→ Supplied information
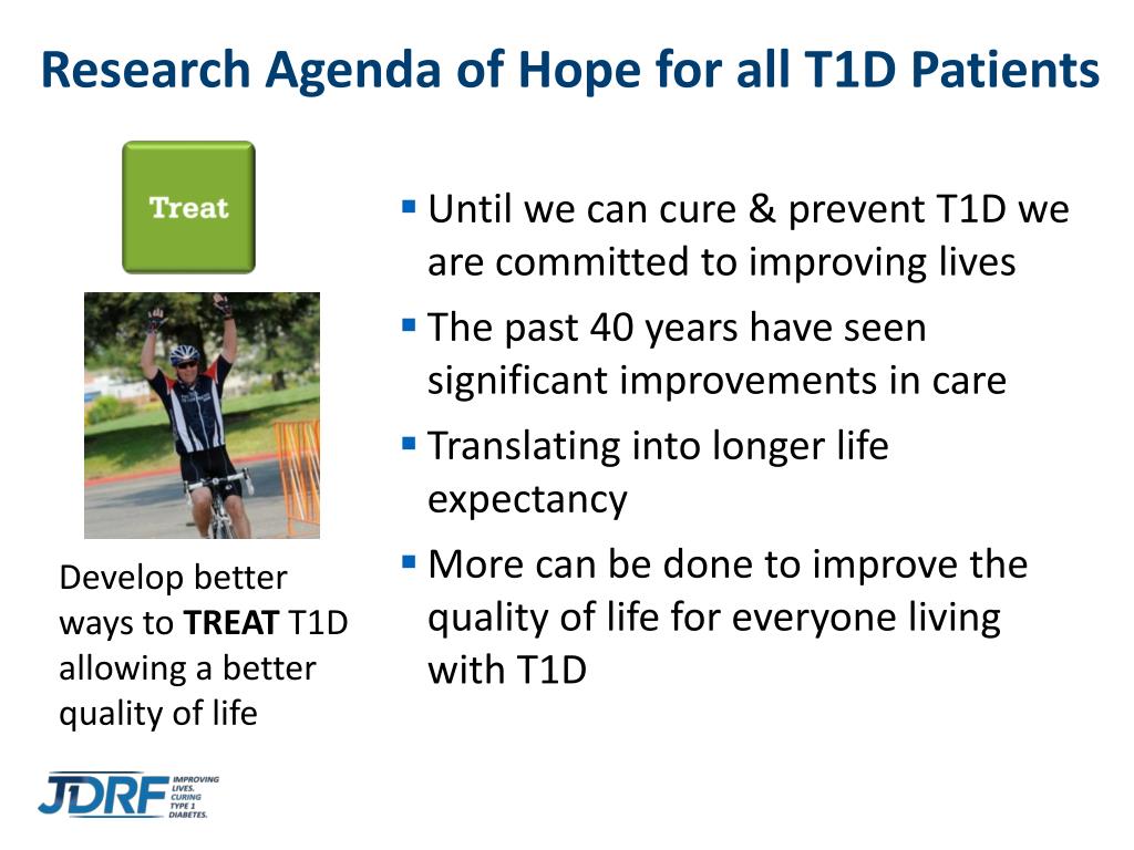 Research Agenda of Hope for all T1D Patients • Until we can cure & prevent T1D we are committed to improving lives • The past 40 years have seen significant improvements in care • Translating into longer life expectancy • More can be done to improve the quality of life for everyone living with T1D Aaron – Why Treat? Develop better ways to TREAT T1D allowing a better quality of life
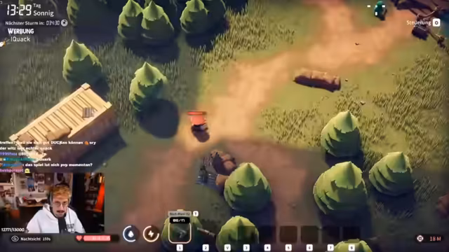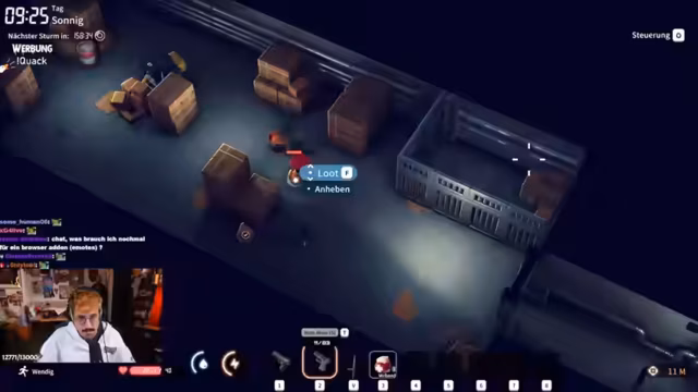 01:51:40Der Streamer ist von der Menge und der Geschwindigkeit des Chats überfordert und bittet um weniger Backseat Gaming. Er konzentriert sich auf das Gameplay, entdeckt ein Markierungssystem für wichtige Items und beginnt, die Funktionen des Lagers zu verstehen, wie z.B. die Forschung von Bauplänen. Er findet eine Spendenkiste am Eingang, die durch weitere finanzielle Beiträge aufgerüstet werden kann. Die Dynamik des Spiels, wie prozedural generierter Loot und Gegner, wird weiterhin erläutert.
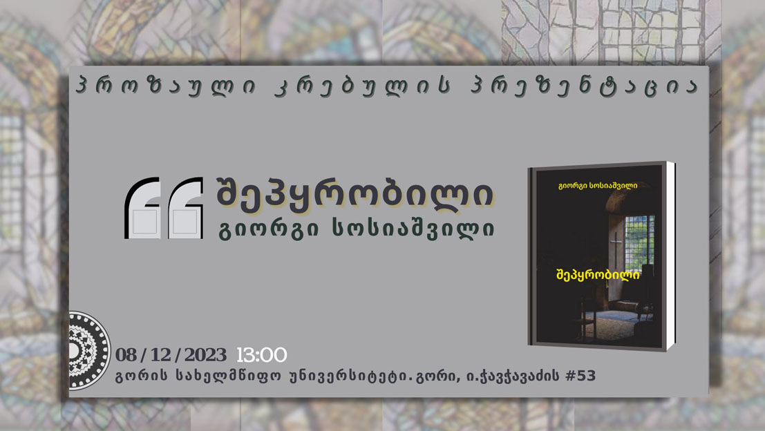 გორის სახელმწიფო უნივერსიტეტში გიორგი სოსიაშვილის ახალი პროზაული კრებულის პრეზენტაცია გაიმართება.
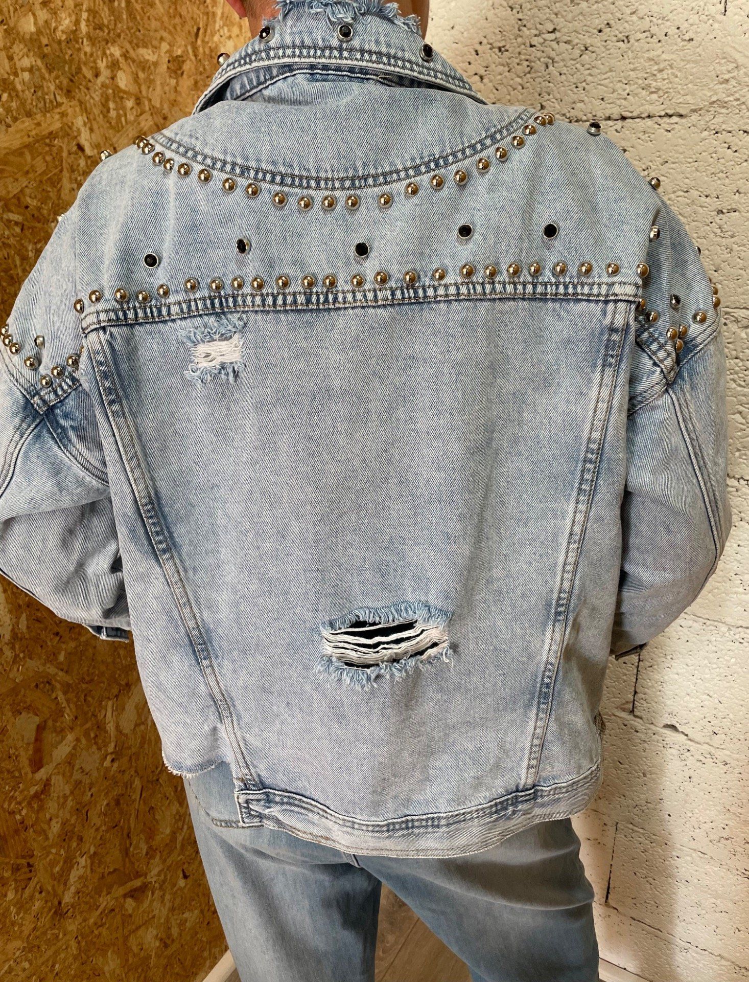 Veste en jean cloutée , fermeture boutons , deux poches poitrine.

→ About this task
Your copy of the data above should match it exactly, apart from the images.

→ Answer
 Research Agenda of Hope for all T1D Patients • Until we can cure & prevent T1D we are committed to improving lives • The past 40 years have seen significant improvements in care • Translating into longer life expectancy • More can be done to improve the quality of life for everyone living with T1D Aaron – Why Treat? Develop better ways to TREAT T1D allowing a better quality of life
 01:51:40Der Streamer ist von der Menge und der Geschwindigkeit des Chats überfordert und bittet um weniger Backseat Gaming. Er konzentriert sich auf das Gameplay, entdeckt ein Markierungssystem für wichtige Items und beginnt, die Funktionen des Lagers zu verstehen, wie z.B. die Forschung von Bauplänen. Er findet eine Spendenkiste am Eingang, die durch weitere finanzielle Beiträge aufgerüstet werden kann. Die Dynamik des Spiels, wie prozedural generierter Loot und Gegner, wird weiterhin erläutert.
 გორის სახელმწიფო უნივერსიტეტში გიორგი სოსიაშვილის ახალი პროზაული კრებულის პრეზენტაცია გაიმართება.
 Veste en jean cloutée , fermeture boutons , deux poches poitrine.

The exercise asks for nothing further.